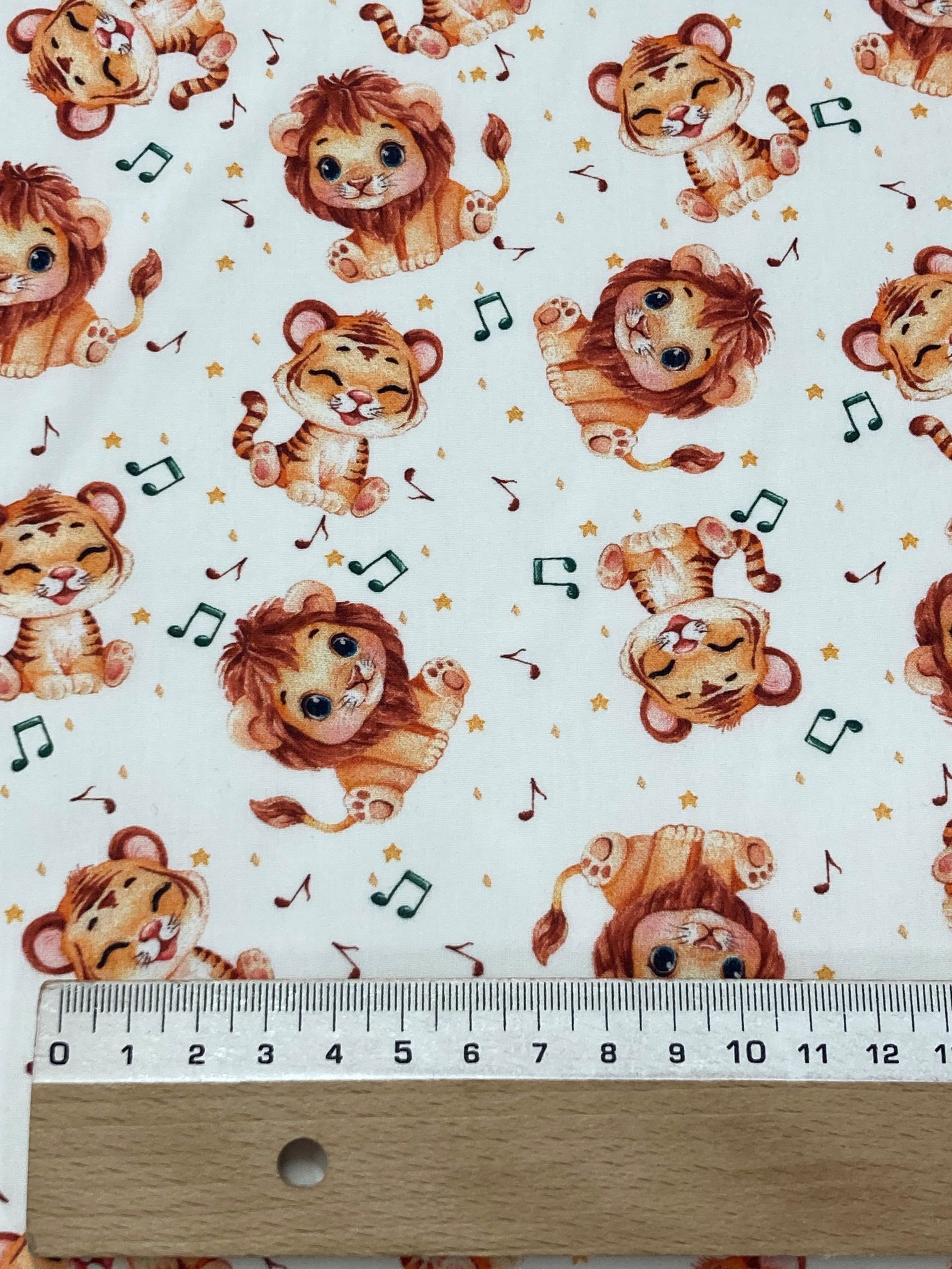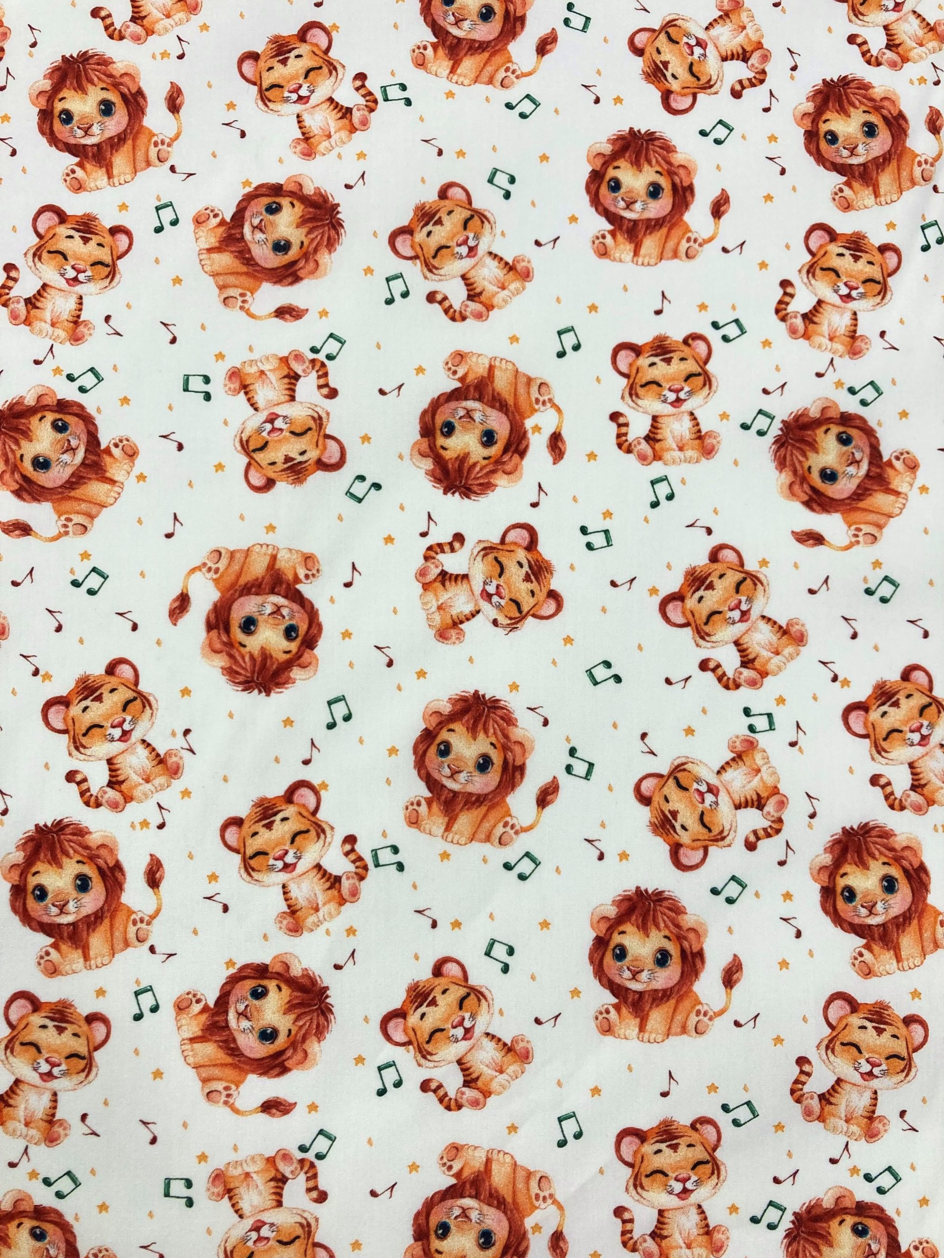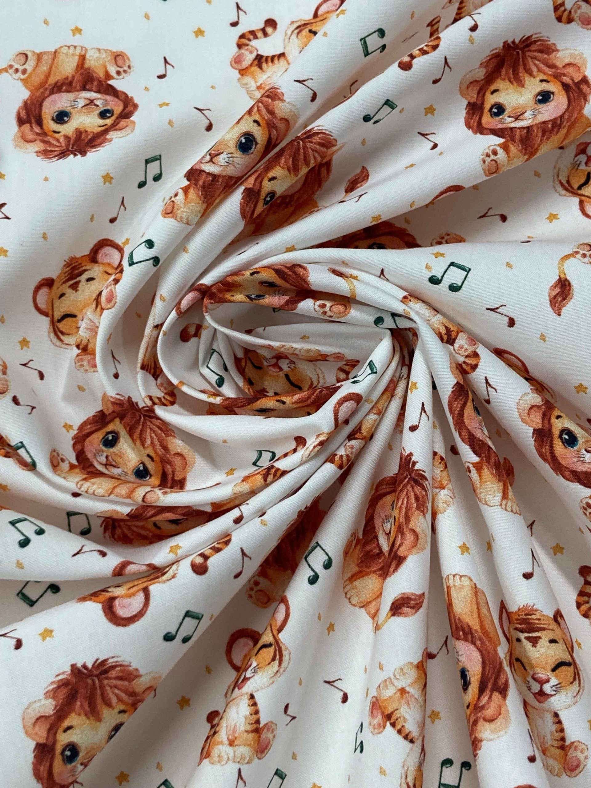 Tela de algodón con fondo blanco, dibujo de tigre,león y notas musicales.
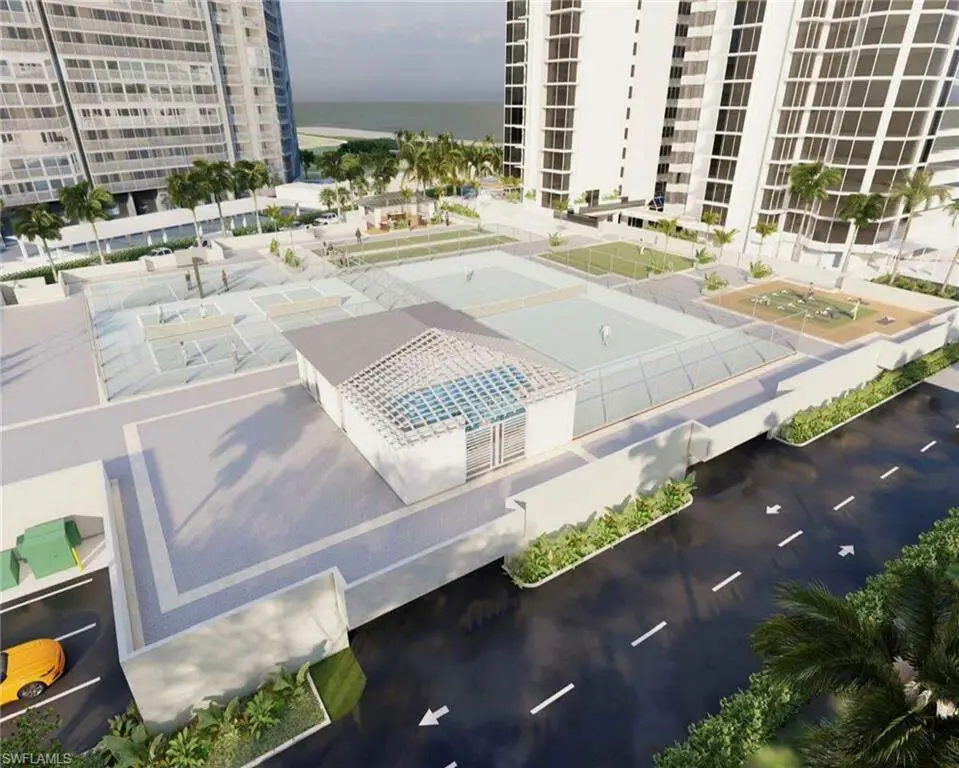 Experience Unparalleled Beachfront Luxury. Discover the ultimate coastal retreat in this stunning 10th-floor end unit at La Mer, located in the prestigious Park Shore community. This light-filled 2-bedroom, 2-bath condominium boasts breathtaking panoramic Gulf views, an open-concept design, and a seamless blend of comfort and elegance. Offered turnkey, this residence is your opportunity to embrace the beachfront lifestyle you've always dreamed of. This thoughtfully designed home features floor-to-ceiling windows and an oversized balcony, inviting natural light and endless vistas into every corner. The spacious living area is perfect for entertaining or relaxing to the sound of soothing waves. The gourmet kitchen showcases stainless steel appliances, quartz countertops, a glass backsplash, a breakfast bar, and abundant counter space for culinary creations. The luxurious master suite offers a private retreat with breathtaking views, a walk-in closet with custom cabinetry, a frameless glass shower, and a separate soaking tub. For added convenience and peace of mind, the unit is equipped with electric hurricane shutters, ensuring effortless lock-and-go living. La Mer has recently completed an impressive building renovation, elevating its appeal and offering unmatched amenities. Residents enjoy a beachfront pool and spa deck with all-day sun thanks to its south-facing orientation, a rooftop sunset deck (under renovation), a fitness center, tennis courts (under renovation), grilling stations, and a private walking path along the beach edge. Pickleball courts are coming soon, as highlighted in the stunning renovation renderings, making this property even more appealing. Unique to La Mer are its three exceptional guest suites available to residents: a luxurious rooftop suite, a comfortable hotel-style suite, and a spacious 2-bedroom guest suite perfect for hosting family and friends in style. Additional conveniences include an extra storage room conveniently located near the elevators. Nestled in the heart of Park Shore, this home is steps away from the pristine sands of the Gulf of Mexico and across the street from the fine dining and boutique shopping of Venetian Village. Enjoy proximity to cultural hotspots like Artis Naples, Waterside Shops, Mercato, and 5th Avenue South. This is your chance to secure a sought-after Park Shore address and enjoy luxurious coastal living at its finest. Move in today and savor the upcoming unveiling of La Mer's beautifully reimagined spaces.
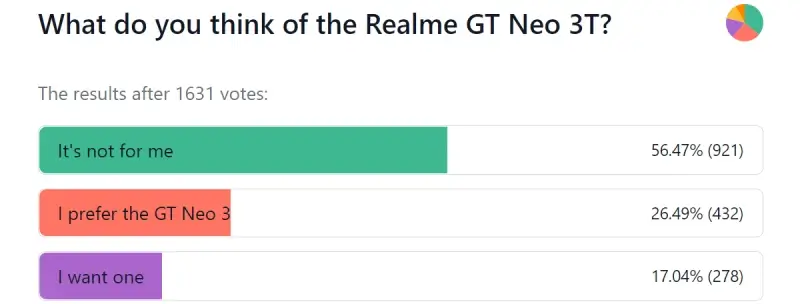 Kết quả thăm dò hàng tuần cho thấy Realme GT Neo 3T đang chật vật thu hút người hâm mộ
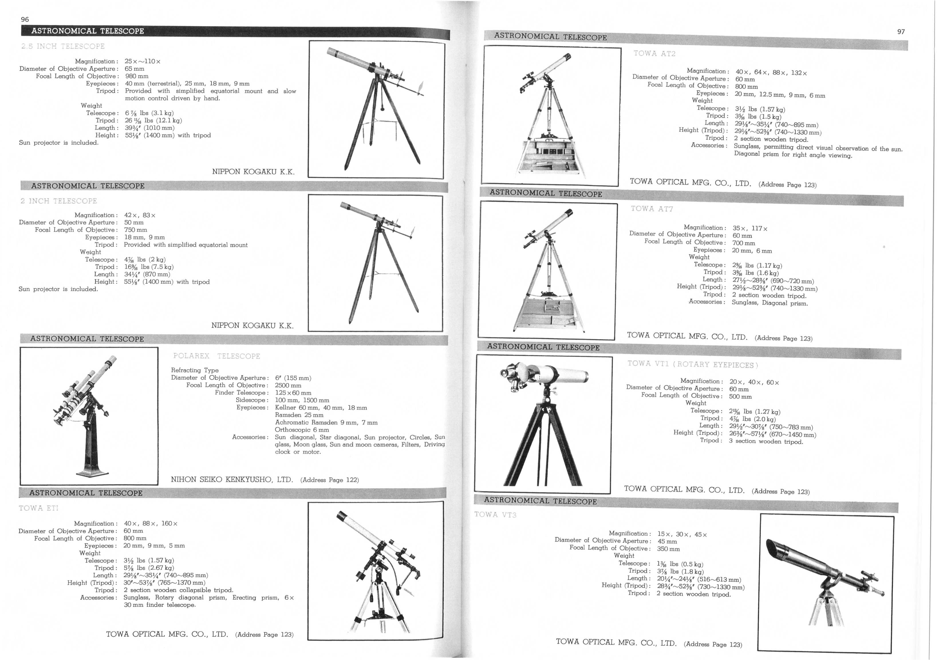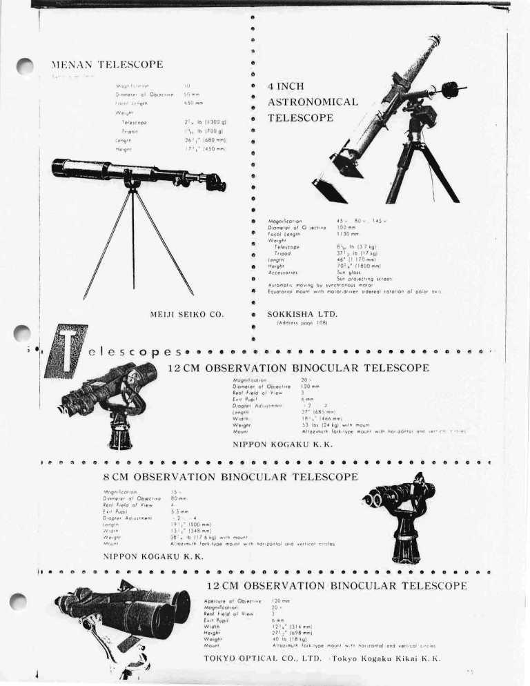 ・会社の沿革、望遠鏡はいつ頃からいつ頃まで作られていたか、または販売していたか。    等々
_ _ _
— INSTRUCTIONS FOR THE TASK —
Where the data contains images, drop them and print the rest exactly.

— RESULT —
 Tela de algodón con fondo blanco, dibujo de tigre,león y notas musicales.
 Experience Unparalleled Beachfront Luxury. Discover the ultimate coastal retreat in this stunning 10th-floor end unit at La Mer, located in the prestigious Park Shore community. This light-filled 2-bedroom, 2-bath condominium boasts breathtaking panoramic Gulf views, an open-concept design, and a seamless blend of comfort and elegance. Offered turnkey, this residence is your opportunity to embrace the beachfront lifestyle you've always dreamed of. This thoughtfully designed home features floor-to-ceiling windows and an oversized balcony, inviting natural light and endless vistas into every corner. The spacious living area is perfect for entertaining or relaxing to the sound of soothing waves. The gourmet kitchen showcases stainless steel appliances, quartz countertops, a glass backsplash, a breakfast bar, and abundant counter space for culinary creations. The luxurious master suite offers a private retreat with breathtaking views, a walk-in closet with custom cabinetry, a frameless glass shower, and a separate soaking tub. For added convenience and peace of mind, the unit is equipped with electric hurricane shutters, ensuring effortless lock-and-go living. La Mer has recently completed an impressive building renovation, elevating its appeal and offering unmatched amenities. Residents enjoy a beachfront pool and spa deck with all-day sun thanks to its south-facing orientation, a rooftop sunset deck (under renovation), a fitness center, tennis courts (under renovation), grilling stations, and a private walking path along the beach edge. Pickleball courts are coming soon, as highlighted in the stunning renovation renderings, making this property even more appealing. Unique to La Mer are its three exceptional guest suites available to residents: a luxurious rooftop suite, a comfortable hotel-style suite, and a spacious 2-bedroom guest suite perfect for hosting family and friends in style. Additional conveniences include an extra storage room conveniently located near the elevators. Nestled in the heart of Park Shore, this home is steps away from the pristine sands of the Gulf of Mexico and across the street from the fine dining and boutique shopping of Venetian Village. Enjoy proximity to cultural hotspots like Artis Naples, Waterside Shops, Mercato, and 5th Avenue South. This is your chance to secure a sought-after Park Shore address and enjoy luxurious coastal living at its finest. Move in today and savor the upcoming unveiling of La Mer's beautifully reimagined spaces.
 Kết quả thăm dò hàng tuần cho thấy Realme GT Neo 3T đang chật vật thu hút người hâm mộ
 ・会社の沿革、望遠鏡はいつ頃からいつ頃まで作られていたか、または販売していたか。    等々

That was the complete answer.